On the other hand, even if the absolute values of iAUC are incomparable, the rankings of the fitted models obtained by either cross-validation or validation were roughly the same. Thus we believe that our results shed light on which methods are most useful for developing prognostic survival models and for selecting variables of prognostic value.
For variable selection we believe that the poor performance of debiased lasso is a consequence of lasso generally selecting too many variables – see Chapter 8 in 23 for an extensive treatment of variable selection with lasso – and thus without shrinkage of the corresponding coefficients, debiased lasso will overfit. Stability selection is a more stringent selection criterion, which is less prone to select false positives, see Chapter 10 in 23 and 14. The variables selected by stability selection as having prognostic value also largely agree with those found in 3 and used in the reference model. One difference is that the DREAM dataset gives nuanced information on disease sites, and we found that liver and adrenal lesions, in particular, had prognostic value. The PSA variable was, on the other hand, not selected. It was a predictor in the reference model, but not a very strong one. Based on this study we therefore recommend stability selection as a reliable method for selecting prognostic variables.

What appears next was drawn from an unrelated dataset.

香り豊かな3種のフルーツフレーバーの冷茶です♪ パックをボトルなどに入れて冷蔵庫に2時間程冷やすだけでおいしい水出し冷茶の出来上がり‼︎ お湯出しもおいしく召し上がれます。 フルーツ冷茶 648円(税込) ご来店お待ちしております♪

For imputation of missing values the use of the response seemed to degrade predictive performance. This contradicts the recommendations in e.g. 8, which presents a simulation study showing that imputation based on inclusion of an estimate of the cumulative hazard function and the indicator of censoring is superior to a number of other imputation schemes. The framework of 8 is, however, focused on parameter estimation and hypothesis testing using multiple imputation, where the objectives differ from those of prognostic modeling. We believe that further investigations into the effect of imputation – in particular when using the response – are needed to fully understand benefits and pitfalls, but our recommendations based on this study is to avoid using the response for imputation when building prognostic models.

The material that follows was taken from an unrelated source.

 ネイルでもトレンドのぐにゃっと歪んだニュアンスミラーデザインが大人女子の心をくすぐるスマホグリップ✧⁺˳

Finally, the best performing model – the survival forest – is the only model considered that is not based directly on the proportional hazards assumption. Thus we may speculate that this assumption could be violated.
Conclusions
Survival forests without explicit variable selection gave the best performance overall in the cross-validation and on the validation data. When stability selection was used for explicit variable selection, the generalized additive model gave the best performance. Imputation using the response appeared to have a negative effect on predictive performance.
The four stably selected laboratory measurements AST, HB, ALP and ALB and the ECOG performance status were selected as some of the most important prognostic factors, together with liver and adrenal lesions and prior use of analgesics.
Data and software availability
The Challenge datasets can be accessed at: https://www.projectdatasphere.org/projectdatasphere/html/pcdc
Challenge documentation, including the detailed description of the Challenge design, overall results, scoring scripts, and the clinical trials data dictionary can be found at: https://www.synapse.org/ProstateCancerChallenge
The code and documentation underlying team KUStat's challenge submission can be found at: http://dx.doi.org/10.7303/syn4260742 22
The R code and documentation underlying the methods presented in this paper can be found at: https://github.com/nielsrhansen/ProstateDream. An archived version as at the time of publication is available at: http://dx.doi.org/10.5281/zenodo.50872 24
Acknowledgements
This publication is based on research using information obtained from www.projectdatasphere.org, which is maintained by Project Data Sphere, LLC. Neither Project Data Sphere, LLC nor the owner(s) of any information from the web site have contributed to, approved or are in any way responsible for the contents of this publication. The authors acknowledge Maria Bekker-Nielsen Dunbar and Lisbeth Tomaziu, who worked on subchallenge 2 as part of the KUStat team participating in the Prostate Cancer DREAM Challenge. The authors also acknowledge Jing Zhou, who worked with the KUStat team but made her own submission to the Prostate Cancer DREAM Challenge. Finally, the authors acknowledge Sage Bionetworks, the DREAM organization, and Project Data Sphere for developing and supplying data for the challenge.
Funding Statement
The author(s) declared that no grants were involved in supporting this work.
[version 1; referees: 2 approved]
Supplementary material
Table S1. Descriptions of the 93 predictor variables included in the modeling.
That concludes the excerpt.